生きる活力すら失っていた瑠璃丸は「大槻神社」で暮らすようになっていた。神主の言いつけはよく聞き、懸命に働いてくれた。



今も汗を流しながら竹を切っている。人間、居場所があるとこうも変わるのかと大槻は関心し嬉しく思った。

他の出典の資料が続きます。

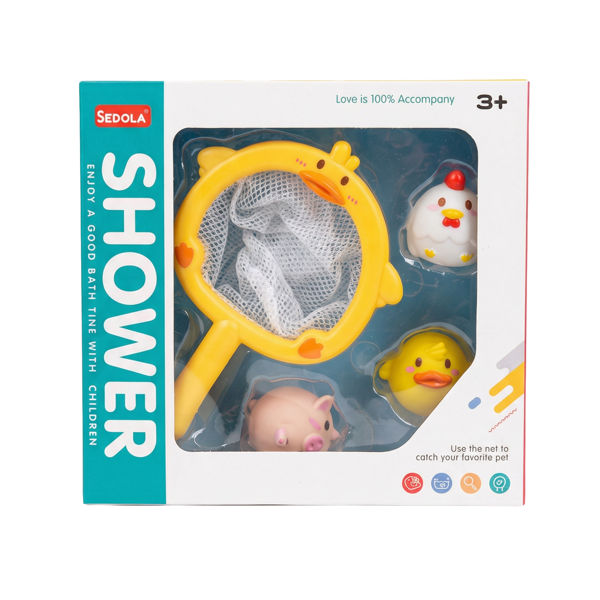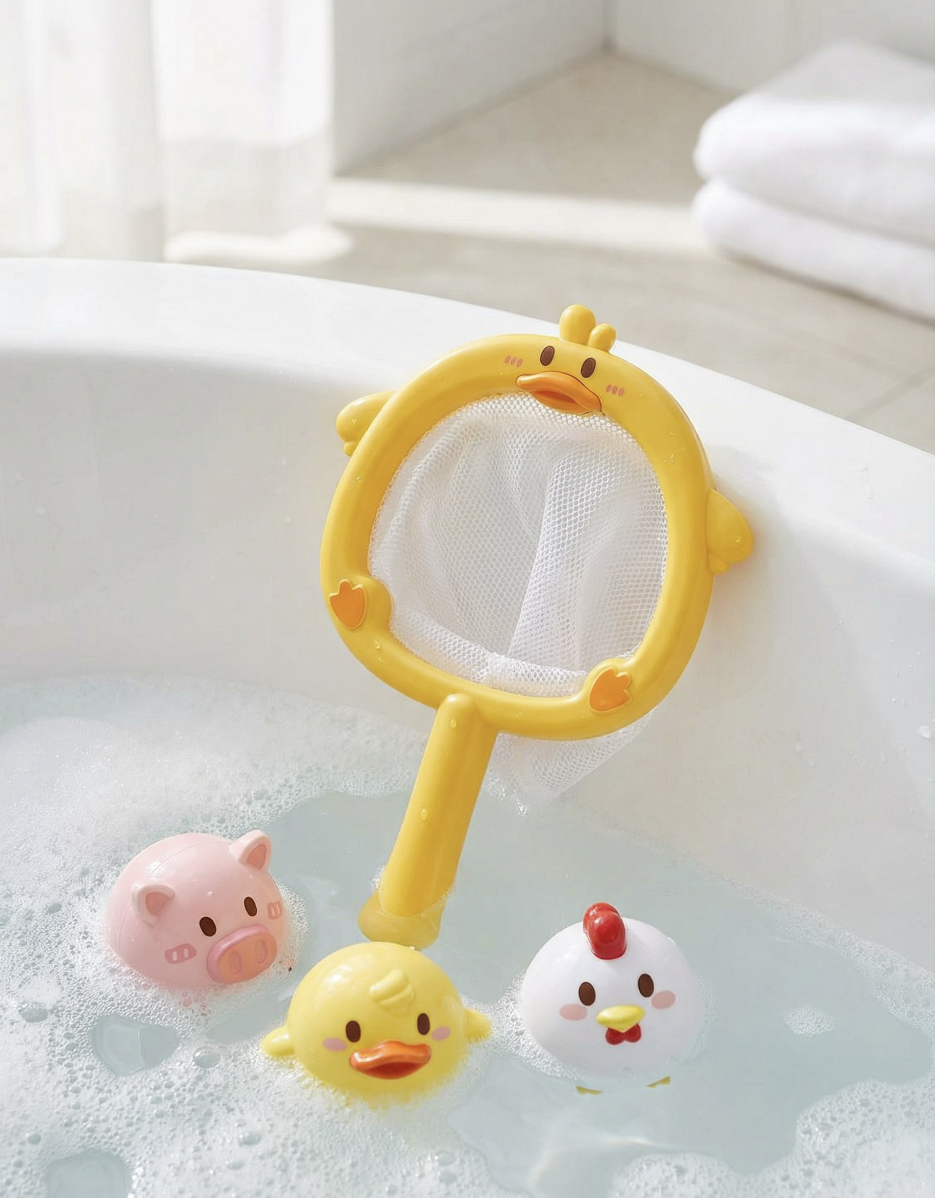 Hračky na potápanie a podberák Farma premenia každé kúpanie na veselú hru so zvieratkami z farmy. V sete nájdete farebný plastový podberák v tvare kačičky a tri plávajúce hračky – kuriatko, kačičku a prasiatko – ideálne na chytanie, potápanie a vymýšľanie vlastných príbehov vo vani alebo bazéne.
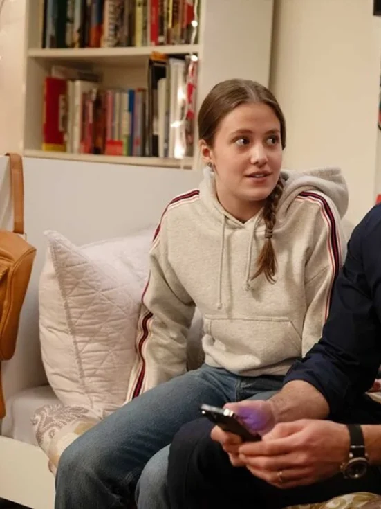 The Law and Order S25 Bridget Riley The Iconic Cream Hoodie is one of those pieces that doesn’t try too hard, but still looks good. It’s inspired by a look seen in Season 25, Episode 16, and honestly, it’s more about comfort than anything else.
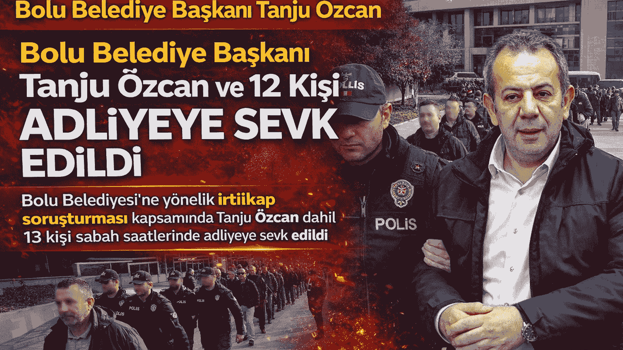 Bolu Cumhuriyet Başsavcılığı tarafından yürütülen irtikap soruşturması kapsamında Bolu Belediye Başkanı Tanju Özcan dahil 13 kişi adliyeye sevk edildi. Kamu görevlisinin, görevinin sağladığı nüfuzu kullanarak kendisine ya da başkasına haksız menfaat temin etmeye zorlaması olarak tanımlanan irtikap suçu çerçevesinde başlatılan soruşturma kapsamında 28 Şubat sabahı operasyon düzenlendi. Bolu İl Jandarma Komutanlığı ekiplerince gerçekleştirilen eş zamanlı baskınlarda gözaltına alınan şüphelilerin, iki gün süren ifade işlemlerinin ardından sabah saatlerinde sağlık kontrolünden geçirilerek adliyeye sevk edildiği bildirildi. Soruşturma süreci kamuoyunda yakından takip ediliyor.
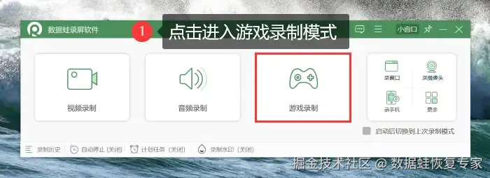 步骤1:在您需要进行游戏录制的电脑上安装好数 据 蛙录屏软件。进入软件的主页面,选择 【游戏录制】 模式。
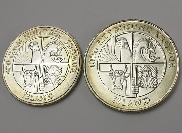 Præget i anledning af 1100-året for islands første bosætning i år 874 f.Kr.
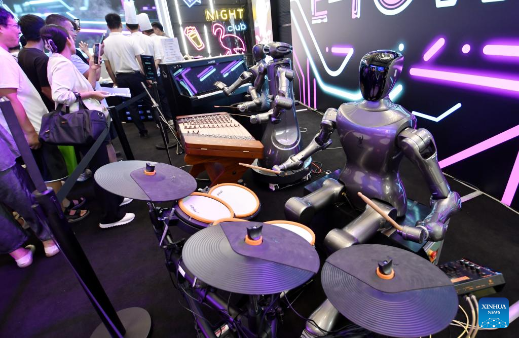 BEIJING, 12 agosto, 2025 (Xinhua) -- Imagen del 8 de agosto de 2025 de una banda de robots exhibida en la Conferencia Mundial de Robots (WRC, por sus siglas en inglés) 2025, en Beijing, capital de China. La WRC 2025 muestra la tecnología de inteligencia incorporada que avanza rápidamente, con los robots humanoides como protagonistas, demostrando un progreso significativo logrado a nivel mundial y particularmente en China, mientras que el evento también sirve para ilustrar una amplia gama de posibles aplicaciones comerciales futuras. (Xinhua/Li Xin)
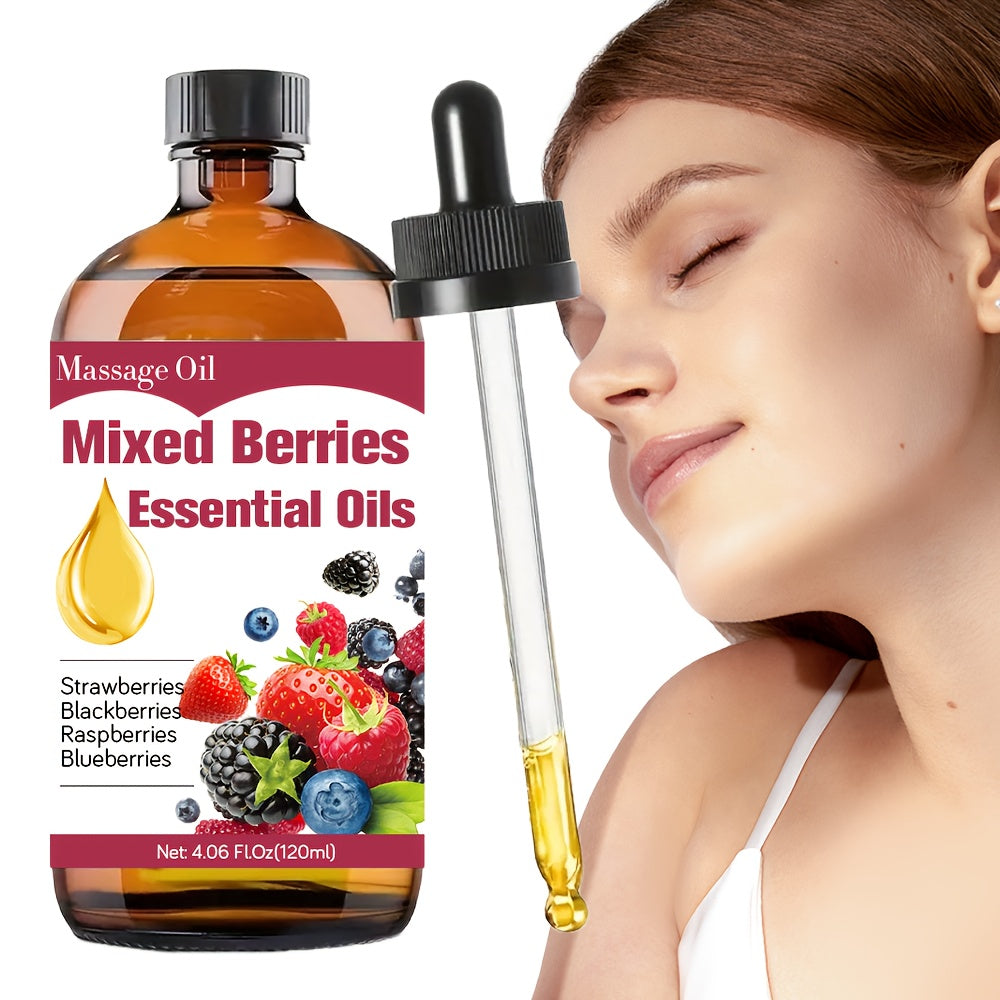 120ml/4.06fl.oz Mixed Berries Essential Oil - with Strawberries, Blackberries, Blueberries - 100% Pure Perfume Oil Care Grade for Hair & Skin Care, Massage, Diffusers Humidifier, Natural Smell, for Men & Women, Meditation, Fragrance Oil

「ふふっ、瑠璃丸ったら。その白蛇に懐かれているのね」

「そうみたいですね…。まったく、私に着いて来ても面白くはないぞ?」


最近竹林で発見した白蛇の赤子は瑠璃丸に懐いてしまって、四六時中いつも一緒に居るのだ。


「シャァアー!」

「もう!!瑠璃丸、この子私のこと怠け者と言うわ!!」

「まあ、当たらずしも遠からずってところですよ」

「何でぇぇえ?!」



私、そこまで神のお仕事サボってないわ!

叫べば、瑠璃丸は笑いながら「冗談ですよ」と言うのだった。













瑠璃丸は丑三つ時になるとぼんやりと思っていた。
自分"だけ"が何故生きているのか?


そして、他の家族は病で倒れ。畑までも駄目になってしまっていたのだ。なのに自分だけが無事だ。

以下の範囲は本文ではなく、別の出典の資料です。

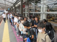 待ちに待った修学旅行!校長先生、教頭先生などからお話をいただき、出発しました。
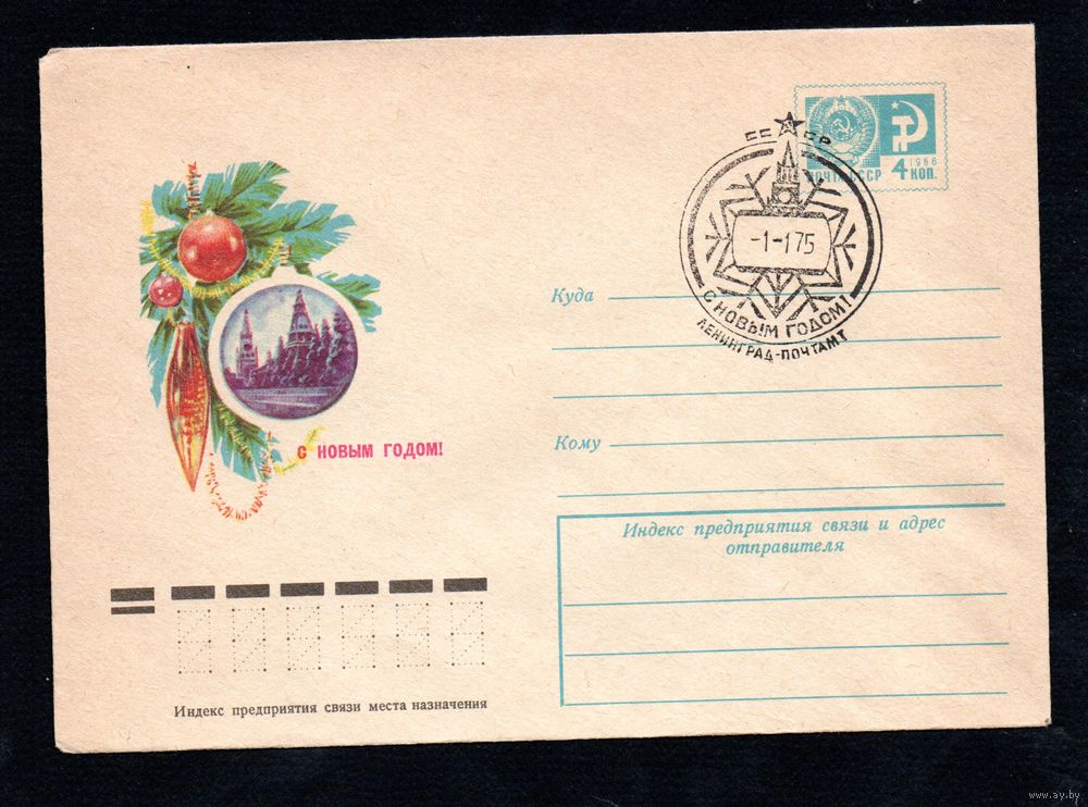 Художественный маркированный конверт СССР со спецгашением N 10044 (08.10.1974) С Новым годом!
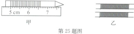 25. (6 分)小科买了两卷规格不同的甲、乙铜丝,甲铜丝直径 $ d = 0.5 $ mm,乙铜丝的产品说明标签已脱落。小科采用以下方法测量乙铜丝直径,步骤如下:
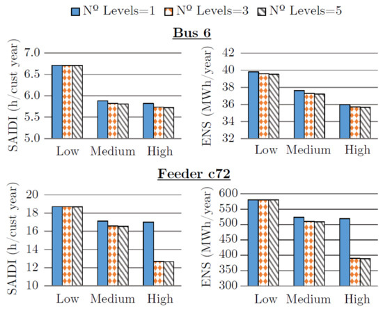 With respect to the levels of load shedding per load point, increasing their number from 1 to 3 hardly improved reliability indices in Bus 6 (1%). In the case of Feeder c72 system, this improvement presented relevant differences depending on the scenario: no improvement for Low, 3% for Medium and 25% for High. In contrast, in both test networks, increasing the number of levels from 3 to 5 had insignificant extra improvement. These differences were influenced by the power magnitude of the levels and demonstrate the need of considering this parameter in the reliability assessment.
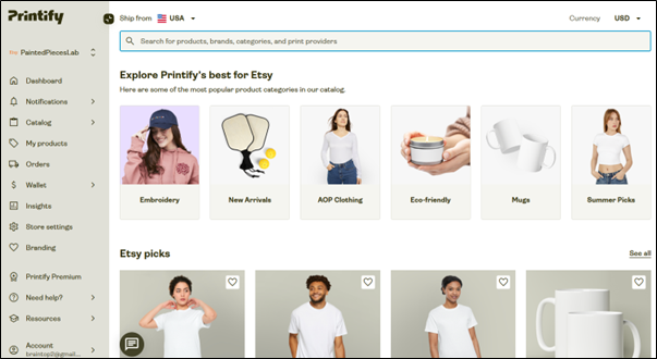 ここまでで、「売れる可能性を持った高解像度デザインデータ」が完成しました。しかし、画像データはあくまで“素材”にすぎません。AIマネタイズとして収益を生むためには、このデータを「商品」という形に変換する工程が必要になります。そこで登場するのが、Printify です。

何度か大槻に聞いてみようと思ってみても、あの澄んだ青色の瞳を見るとどうしても気が引けてしまうのだよ。



彼女はとても優しい人だ。こんな荒くれた私を拾ってくれた。仕事も与えてくれたのだ。





何より——笑顔が温かい。



外の闇は濃くて、物の怪たちが最も活動している時間だ。どうも騒々しい、だがこれも大槻と関わって行くうちに当たり前の光景になってしまったので今更驚かなくなった。